## [Recorded information]
§ §
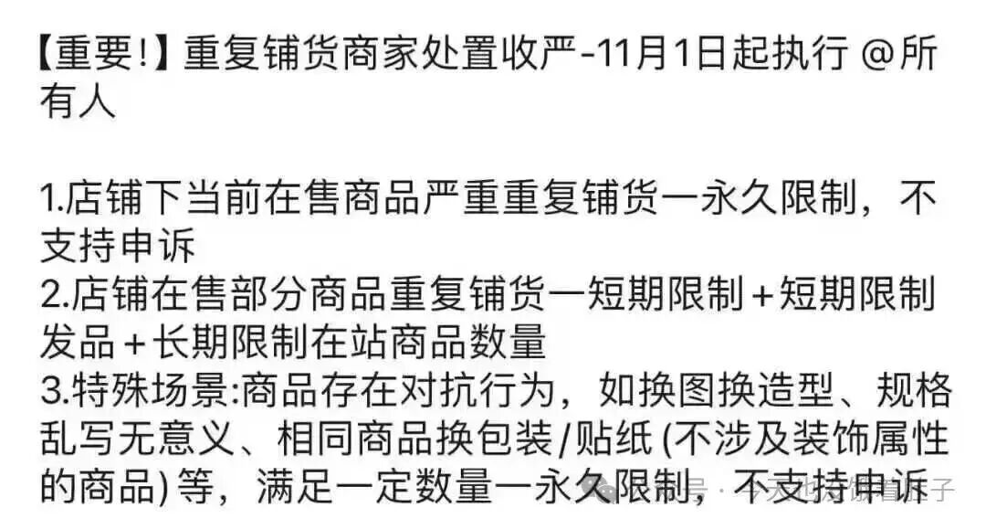 2025 年 10 月 29 日,Temu 官宣:11 月 1 日起全面治理重复铺货,恶意违规者永久封号且不申诉!3 天整改期内,大量卖家连夜自查,避免被平台 “清洗”。
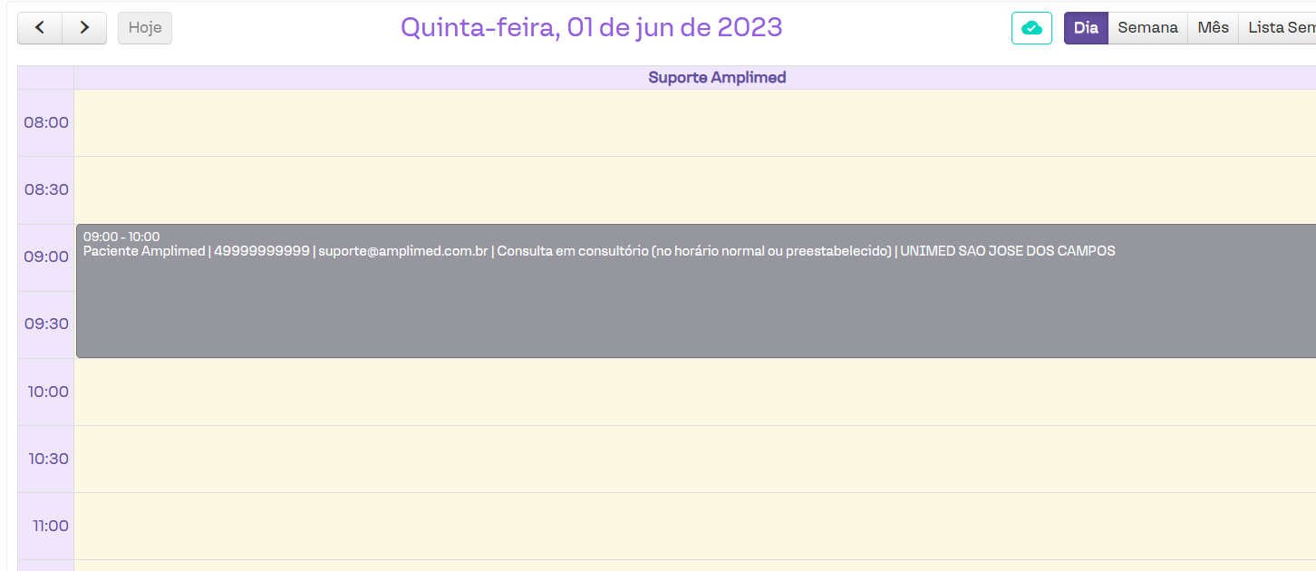 Quando há algum agendamento no dia, ele irá aparecer na agenda do dia, muito parecido com a imagem a seguir:
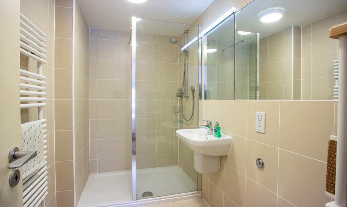 The hall opens to the main bedroom bedroom with a Hypnos king-sized bed with tables either side and lamps as well as a wardrobe. There is an ensuite shower, loo and handbasin.
§ §
## [Problem description]
Reprint all the data above verbatim, excluding pictures.

## [Response]
 2025 年 10 月 29 日,Temu 官宣:11 月 1 日起全面治理重复铺货,恶意违规者永久封号且不申诉!3 天整改期内,大量卖家连夜自查,避免被平台 “清洗”。
 Quando há algum agendamento no dia, ele irá aparecer na agenda do dia, muito parecido com a imagem a seguir:
 The hall opens to the main bedroom bedroom with a Hypnos king-sized bed with tables either side and lamps as well as a wardrobe. There is an ensuite shower, loo and handbasin.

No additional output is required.